Pourquoi la VIEIRA est-elle le symbole du pèlerin?

Le personnel, la citrouille et le pétoncle. Ce sont les trois symboles du pèlerin par excellence.

Mais un seul a identifié le marcheur qui, après avoir atteint son but, est retourné à son lieu d’origine. Nous parlons de la coquille, un élément qui au cours des siècles est devenu un symbole de générosité, une vertu qui à partir du moment où il est venu à la fin de la route, le pèlerin doit accompagner le reste de ses jours.

Au fil du temps, la coquille Saint-Jacques est devenu un symbole de la route de pèlerinage, ce qui est devenu populaire du boom des pèlerinages dans les XIe et XIIe siècles et peut être vu dans un grand nombre des œuvres intégrer l’échantillon Camino. L’origine, exposée au Musée Centro Gaiás jusqu’au 13 septembre prochain. De tout cela, peut-être le plus important est un buste de Santiago de l’église de Saint Pierre D’Auch (France), en céramique émaillée et datée au XIXe siècle, qui peut être vu au premier étage du musée en partie de l’échantillon dédié au Camino.

Mais qu’est-ce qui a fait de la coquille de ce mollusque un symbole du Chemin? Il y a des théories, des mythes et des légendes très différents sur leurs origines. Le plus accepté est que la coquille était utilisée comme un vaisseau naturel parfait. Les pèlerins qui sont venus à Santiago les ont pris pour boire dans les sources et les rivières sur le chemin du retour.

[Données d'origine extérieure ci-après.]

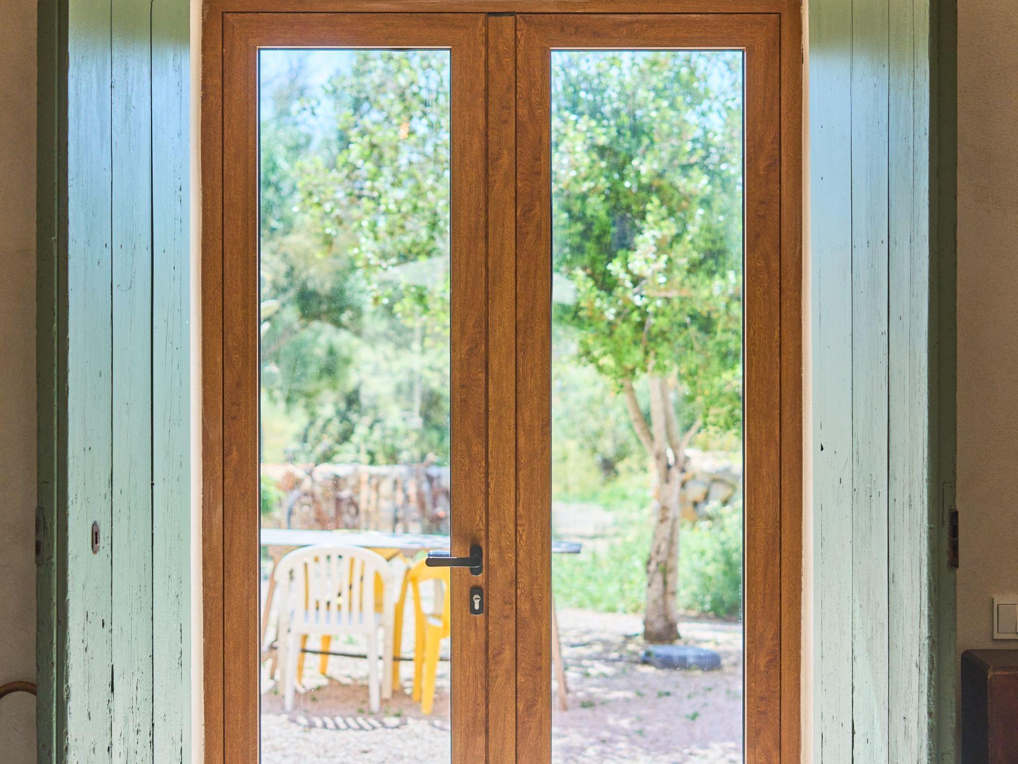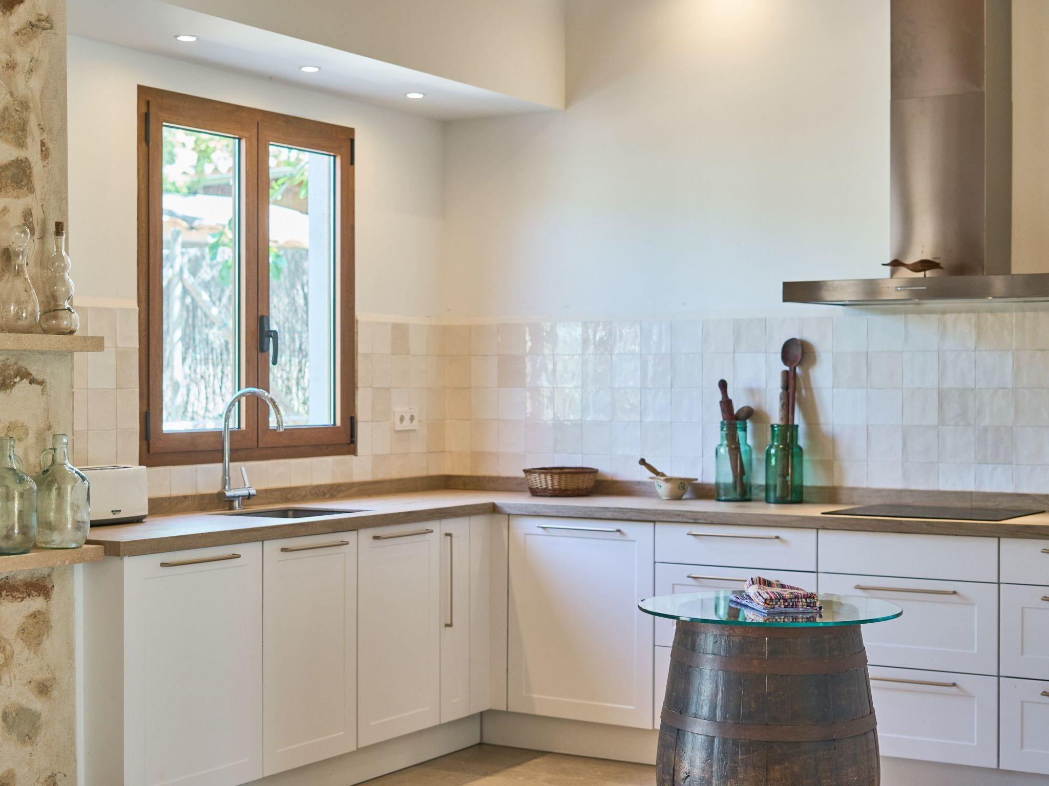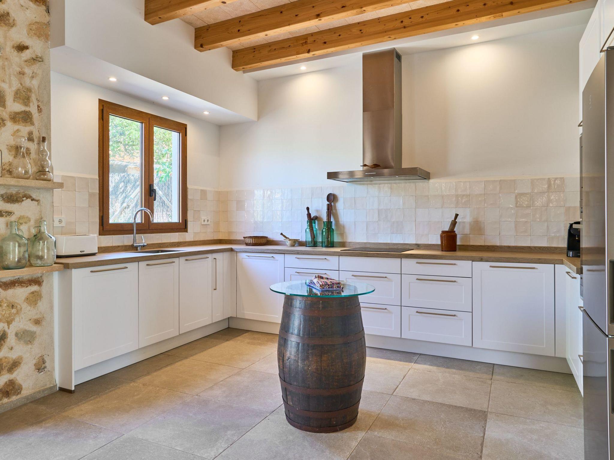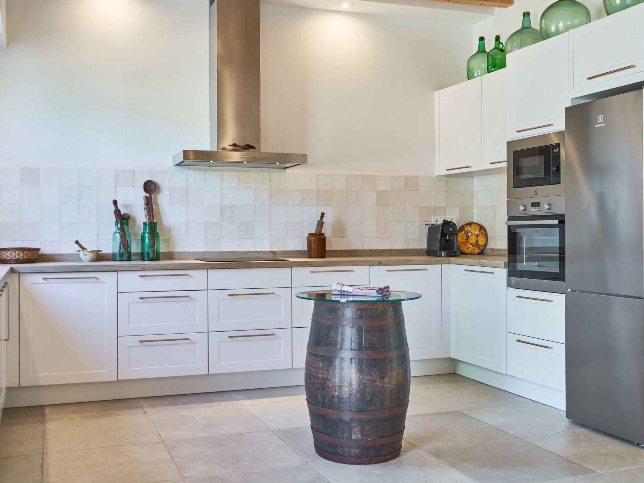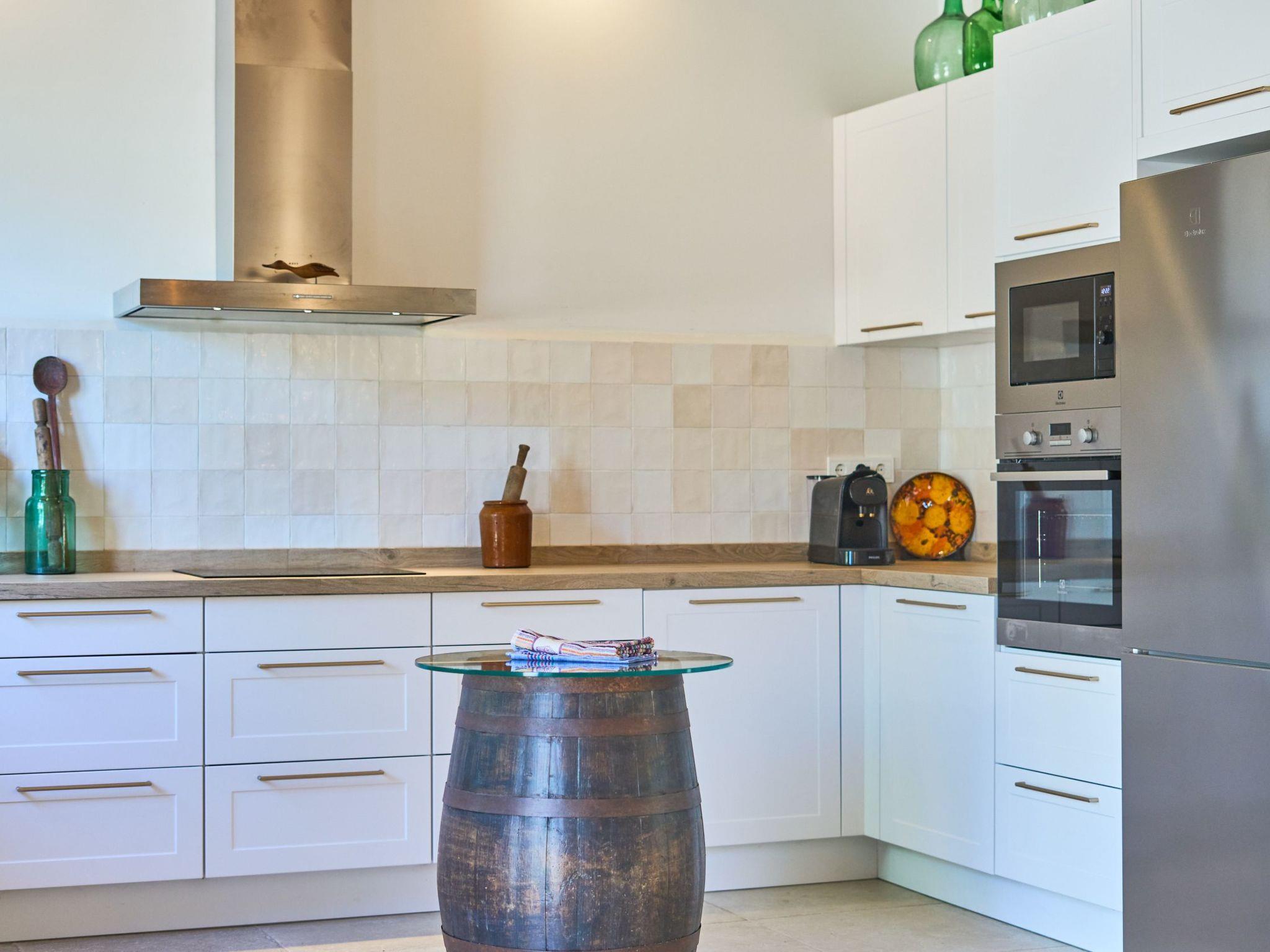 Upon entering the house, you enter the spacious entrance area. To the left is the living room with glass doors leading out onto the terrace. At the rear of the house is the open-plan and very spacious kitchen, which has a dining area. From the kitchen, a door leads to the rear terrace, with a sail-covered area where you can enjoy an aperitif in the open air. There are two old wine barrels that have been converted into bar tables and some stools.

Il existe d’autres théories plus symboliques qui voient dans la coquille Saint-Jacques une stylisation de la patte d’oie, symbole de nombreuses traditions ancestrales de reconnaissance de l’initiation. Et d’autres encore soulignent les coquilles Saint-Jacques en tant que symbole de Vénus, ce qui représente la renaissance d’une personne, sa résurrection et, donc surmonter la mort et de l’ego (l’égoïsme et l’égocentrisme) à céder la place à vrai soi (simplicité et humilité).

Bien sûr, il y a aussi des légendes liées aux miracles de l’Apôtre. Avec plusieurs variantes, la plus répandue est qu’un monsieur, en marchant sur la plage, a vu approcher un bateau sur le point d’être naufragé. Désireux de prêter main-forte à ceux qui seraient inévitablement près du naufrage, le chevalier partit au milieu des eaux quand, tout à coup, une vague géante le traîna au fond de la mer. Se voyant perdu, il invoqua Dieu et, à ce moment, il sentit une force surnaturelle qui l’envoya à la surface le traîner jusqu’à la rive. Quand il se vit en sécurité et sur le sol, il vérifia que le bateau transportait les restes de l’Apôtre et que lui et son cheval étaient complètement recouverts de coquilles Saint-Jacques. Le salut du chevalier était considéré comme un miracle de l’apôtre Santiago, et à partir de ce moment, le pétoncle et l’apôtre furent unis pour toujours et la coquille devint le symbole le plus important des pèlerins.

En dépit de toutes les suppositions, la seule chose certaine est que son origine en tant que symbole de pèlerin n’est pas claire du tout et qu’il n’y a pas de théorie acceptée à cent pour cent. De quoi oui il n’y a aucun doute est que la vente de ces objets était une affaire très lucrative dans la ville de Santiago. À la porte d’Azabachería, où les artisans se sont installés, des obus de plomb, des os, de l’ivoire et de beaux métaux ont été vendus. L’affaire était si prospère qu’elle fut rapidement réglementée par l’Église – qui gardait 33% des bénéfices – et même sa vente en dehors de Compostelle fut interdite, sous peine d’excommunication.